Greek philosophers thought that matter could be divided into smaller and smaller particles to reach a basic unit, which could not be further sub-divided. Democritus (460–370 B.C.) called these particles atoms, derived from the Greek word ‘atomos’ that means indivisible. However, the ideas of Greek philosophers were not based on experimental evidences.

In the late 17th century, the quantitative study of the composition of pure substances disclosed
that a few elements were the components of many different substances. It was also investigated
that how, elements combined to form compounds and how compounds could be broken down
into their constituent elements.

In 1808, an English school teacher, John Dalton, recognized that ‘the law of conservation of matter’ and ‘the law of definite proportions’ could be explained by the existence of atoms. He developed an atomic theory, the main postulate of which is that ‘all matter is composed of atoms of different elements, which differ in their properties’.

“Atom is the smallest particle of an element, which can take part in a chemical reaction.
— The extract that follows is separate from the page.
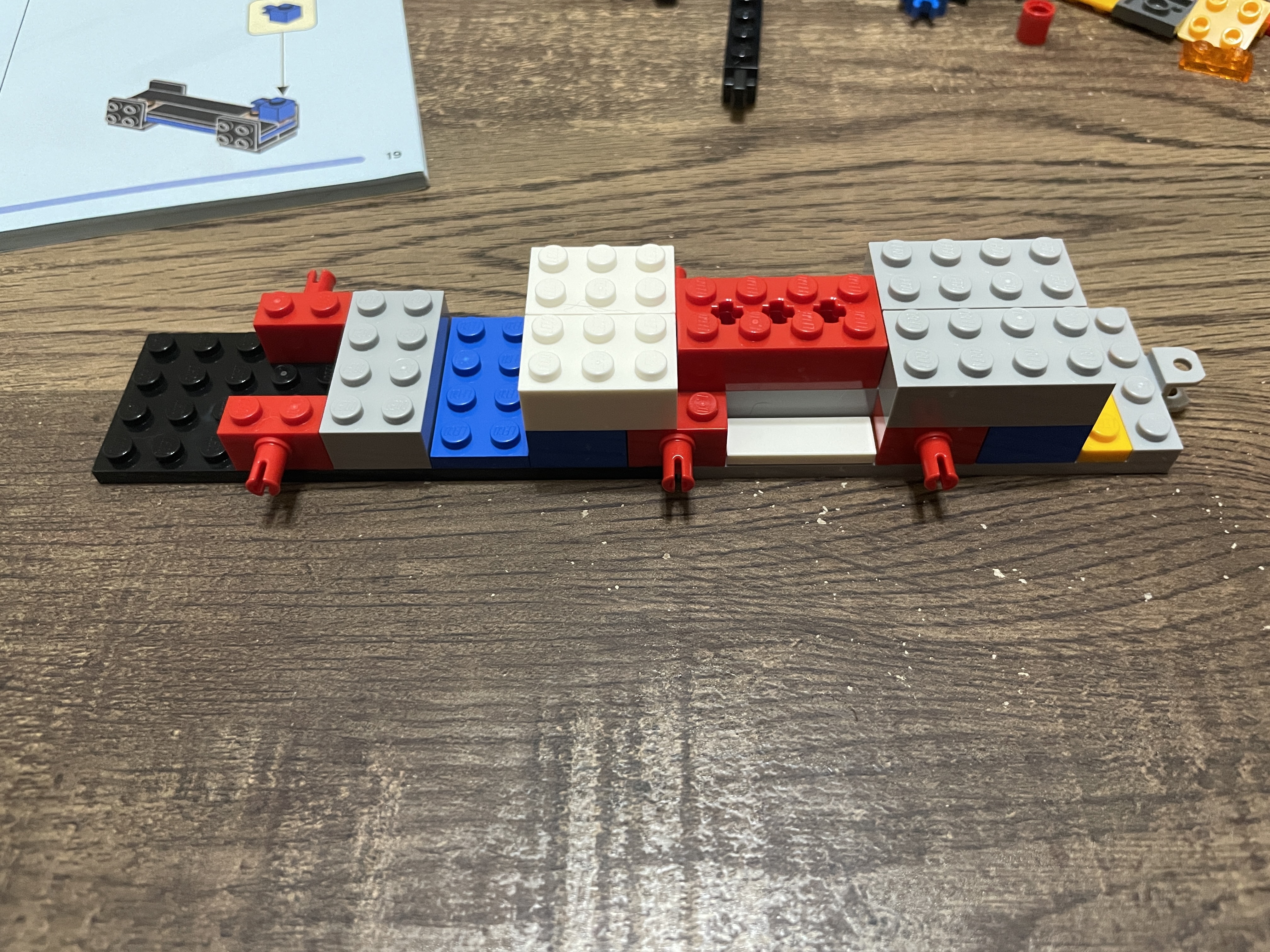 The vehicle’s core starts with a light grey plate, a connector plate at the rear, and red connection bricks for a set of wheels in the center. Additional plates with brick are connected, outlining the crane’s size and each wheel’s position. Height is added with 2×3 and 2×4 bricks, with a technic brick in the center as an anchor point for the operator cab.

For example, He and Ne, etc. have atoms, which have independent existence while atoms of hydrogen, nitrogen and oxygen do not exist independently.
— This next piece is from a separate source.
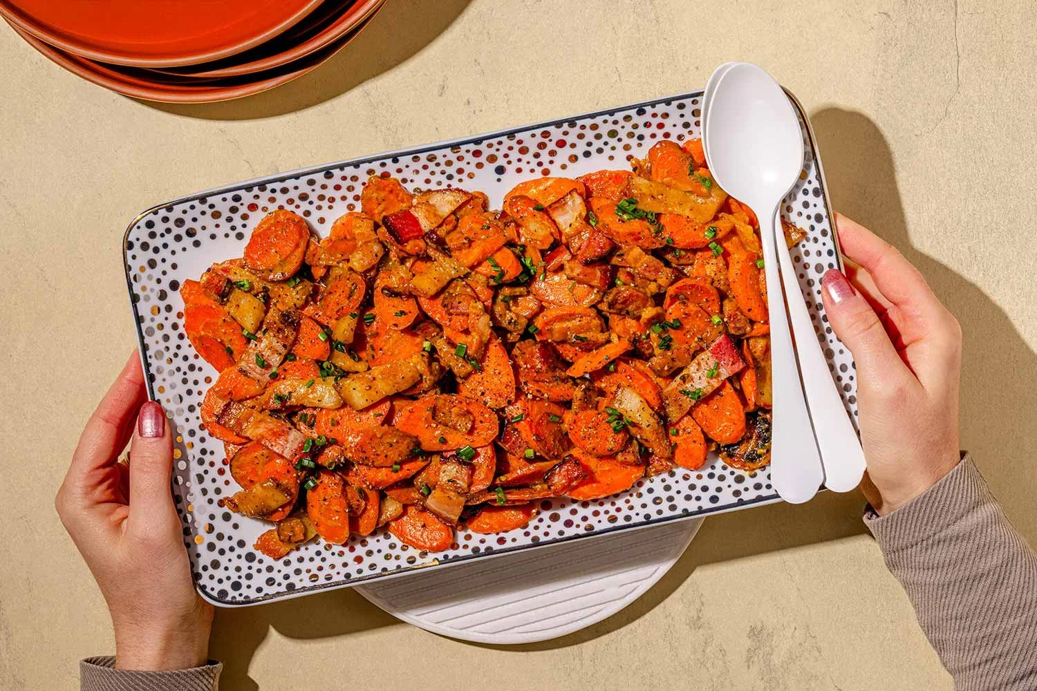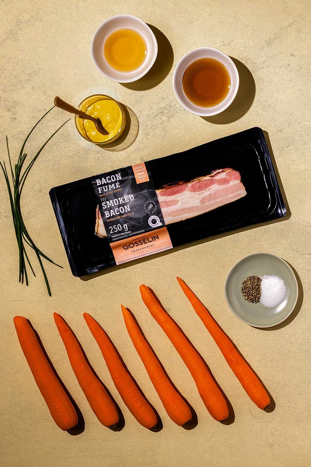 Incorporer les morceaux de bacon, le sirop d’érable, le vinaigre de cidre de pommes, la moutarde de Dijon, le sel et le poivre. Poursuivre la cuisson 2 minutes ou jusqu’à ce que les carottes soient tendres.

“The modern researches have clearly shown that an atom is further composed of smaller particles called subatomic particles.”

Examples: Electron, proton, neutron, hypron, neutrino, anti-neutrino, etc.
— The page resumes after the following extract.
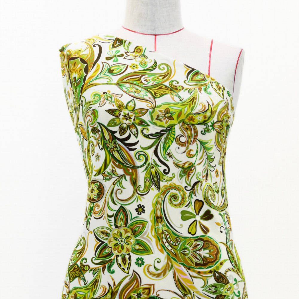 フラメンコ生地 ペイズリー柄 コシボ・シャンタン・ストレッチベロア選べる生地 イエロー KF-063-YE 3-5営業日後発送

More than 100 such particles are thought to exist in an atom.

Electron, proton and neutron are regarded as the fundamental particles of atom. This is because they present in every atom. However, there is one exception, Protium, the isotope of hydrogen, doesn’t have a neutron in the nucleus.

J. Berzelius, the Swedish chemist:

(1) Determined the atomic masses of elements. A number of his values are close to the modern values of atomic masses.

(2) Developed the system of giving element a symbol.